Probabilities produced by CheXNet and CheXMax were converted to binary prediction using a discrimination threshold (p = 50.0% for CheXNet and p = 4.006% for CheXMax). Similarly, for the human assessments of chest radiographs prior to the swarm-based decision, probabilities of pneumonia were converted to binary prediction using a 50% threshold—any diagnoses >50% probability were labeled as “pneumonia predicted”. This was performed for individual radiologist diagnoses, the average of all radiologist diagnoses for a single image, as well as by a crowd-based majority vote. For the swarm session, results of the two separate sessions were analyzed separately as well as together. The final probability selected by the swarm was further refined through using underlying data generated during the convergence process. This was done using a weighted averaging process referred to as squared impulse interpolation or swarm interpolation. This process, as outlined in equations below, calculates a weighted average of the probabilities in the swarm using the squared net “pull” towards each answer as weights. The pull is represented as the force (F) imparted by members of the swarm and the weight for each answer wi is calculated as the squared impulse towards that answer (Eq. (1)). The weighted average over the answer choice values vi is then computed (Eq. (2)). The answer choice values vi are taken as the midpoint of each bin. For example, the bin “0–5%” has a midpoint vi of 2.5%.

$$w_i = \frac{{F(i)^2}}{{\mathop {\sum}\nolimits_{a \in {\mathrm {Answers}}} F(a)^2}}$$
$${\mathrm {Refined}}\,{\mathrm {probabilistic}}\,{\mathrm {diagnosis}}\,{\sum} {w_iv_i}$$

This process can be visualized by plotting the net vector force of each radiologist over the course of the swarm, as shown in Fig. 8.

Fig. 8
figure 8

Support density visualization. In this support density visualization corresponding to the swarm in Fig. 1, the puck’s trajectory is shown as a white dotted line, and the distribution of force over the hex is plotted as a Gaussian kernel density heatmap. Notice that this swarm was split between the “5–25%” and “0–5%” bins, and more force was directed towards the 5–25%. This aggregate behavior is reflected in the swarm’s interpolated diagnosis of 11.1%.

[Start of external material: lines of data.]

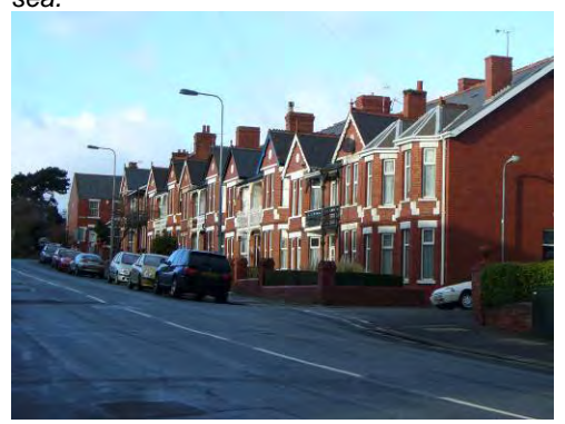
Red brick housing on Park Road.
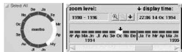
Figure 3 Examples of cyclical (left) and linear (right) temporal legends. The cyclical legend suggests a clock metaphor (with its repeating cycles) while the linear legend suggests an unending time line.

A primary focus of our exploratory geovisualization research is the development of methods for analyzing spatiotemporal data visually. Thus, change over time is a key issue in our work and it has been a research focus over the past decade (MacEachren and DiBiase, 1991; MacEachren, 1995; Harrower, et al, 1999). In several projects, we have directed specific attention to developing interface methods (grounded in logical metaphors) for posing temporal queries and for displaying and manipulating temporal aspects of a visual analysis (Edsall and Pequet, 1997; Edsall, et al., 1997). In particular, we have focused on design of interactors that support two complimentary conceptualizations of time, as linear and cyclic (figure 4).
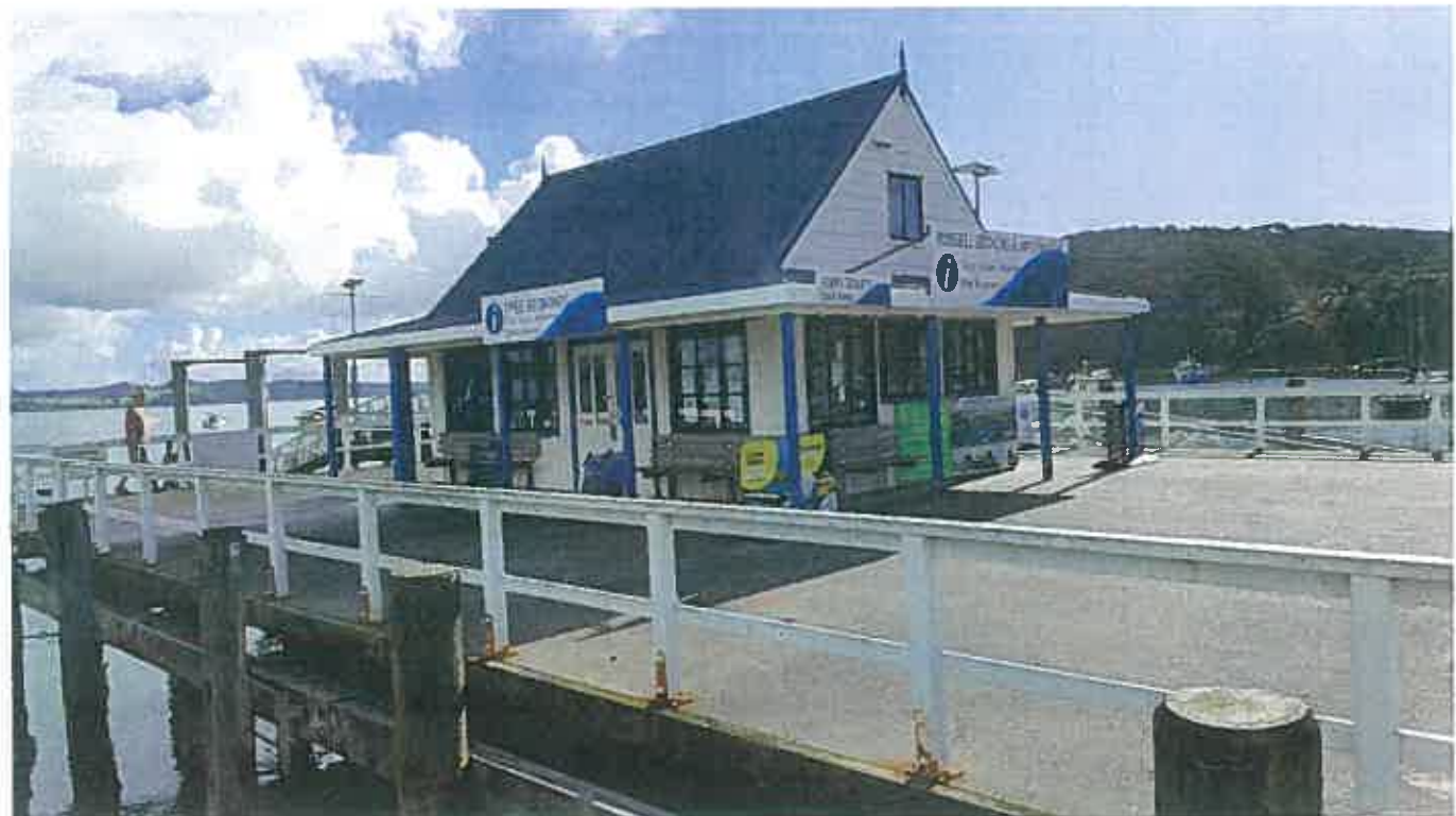
View of concrete platform and kiosk at Russell Wharf
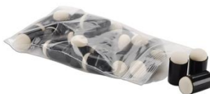
Tsukineko 25 SPONGE DAUBERS Tools...
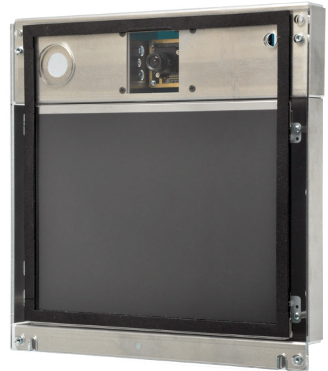
Model 1527VO 10.4 inch video chassis for OEM Drive-ups. Other models available with integrated call button, speaker, and microphone.

T he 1526 / 1527 Series is an approach to two-way video communications that offers durable performance and economical packages. These units include a camera and video display that connect to a 1520 Lane Station with one Cat 5 cable. Available in 7 inch and 10.4 inch screen sizes. The special outdoor camera utilizes technology that can render sharp details in images even with strong backlight and/or deep shadow conditions. The LED back-lit screen delivers bright, clear video images with minimal power usage.
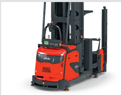
Maximum safety thanks to all-round monitoring
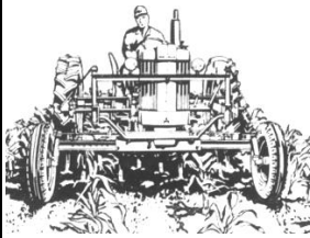
John Deere 40
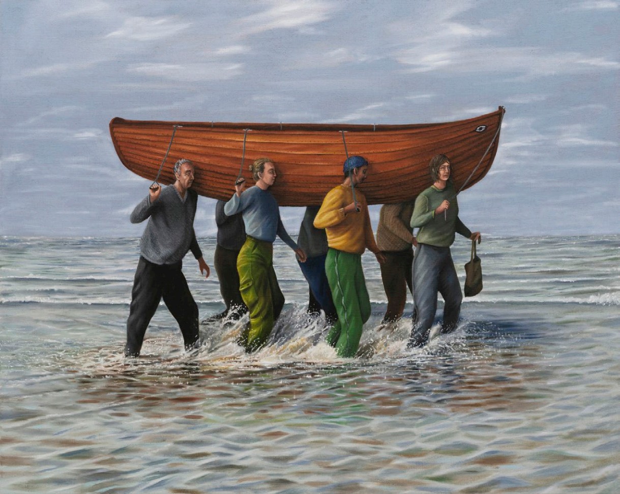
Onwards, 2023 Oil on jute 120 × 150 × 3.5 cm
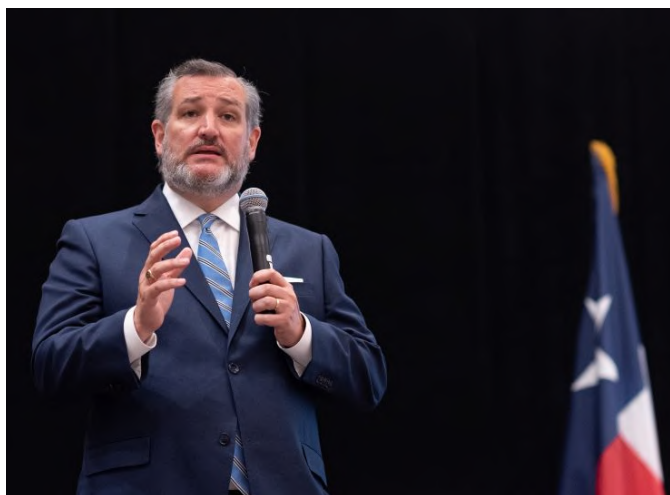
U.S. Senator Ted Cruz provides an update on what's happening in Congress and discusses his concerns about increasing attacks on the country's oil and natural gas industry from the Biden Administration.
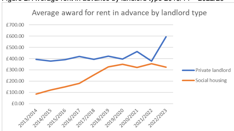
Figure 2: Average rent in advance by landlord type 2013/14 – 2022/23

There has also been a shift in social landlords requiring four weeks' rent in advance rather than one week, leading to an increase in the average amount spent on rent in advance for social tenancies (average has increased from under £100 for social landlords to approximately £350). This reflects policy changes by social landlords in response to the roll out of Universal Credit.
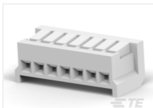
TE Part # 172142-7 EIS LOW PROFILE HSG 7P NATURAL
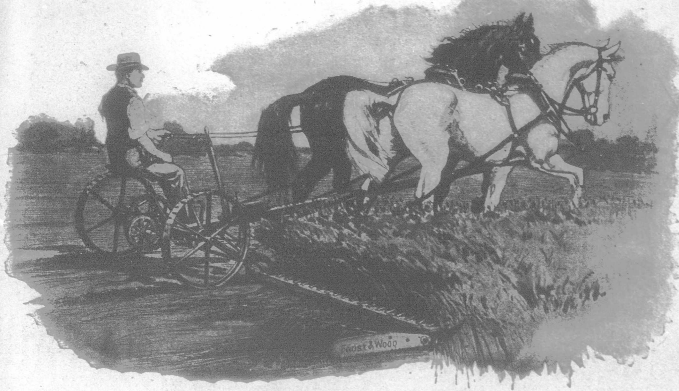
4, 5 AND 6 FOOT CUT.

"O YES!" Our No. 8 Mower will start in heavy grass without backing the team, and will cut grass any other mower can out. Will run as easy and last as long. We sell our machines on their merits, and build our reputation on the "quality," not the quantity, of goods we make.

Final diagnostic performance was compared between radiologists (average performance of individual radiologists, averaging individual diagnoses on an image within a group to calculate the group’s average probabilistic diagnosis, and taking a vote of individual radiologist diagnoses to label the image in a binary manner), the AI models, and diagnosis by swarm. Five different diagnostic performance metrics were used to make the comparisons: (a) percent correct, (b) mean absolute error, (c) Brier score, (d) AUC, and (e) F1 score.

Reporting summary

Further information on research design is available in the Nature Research Reporting Summary linked to this article.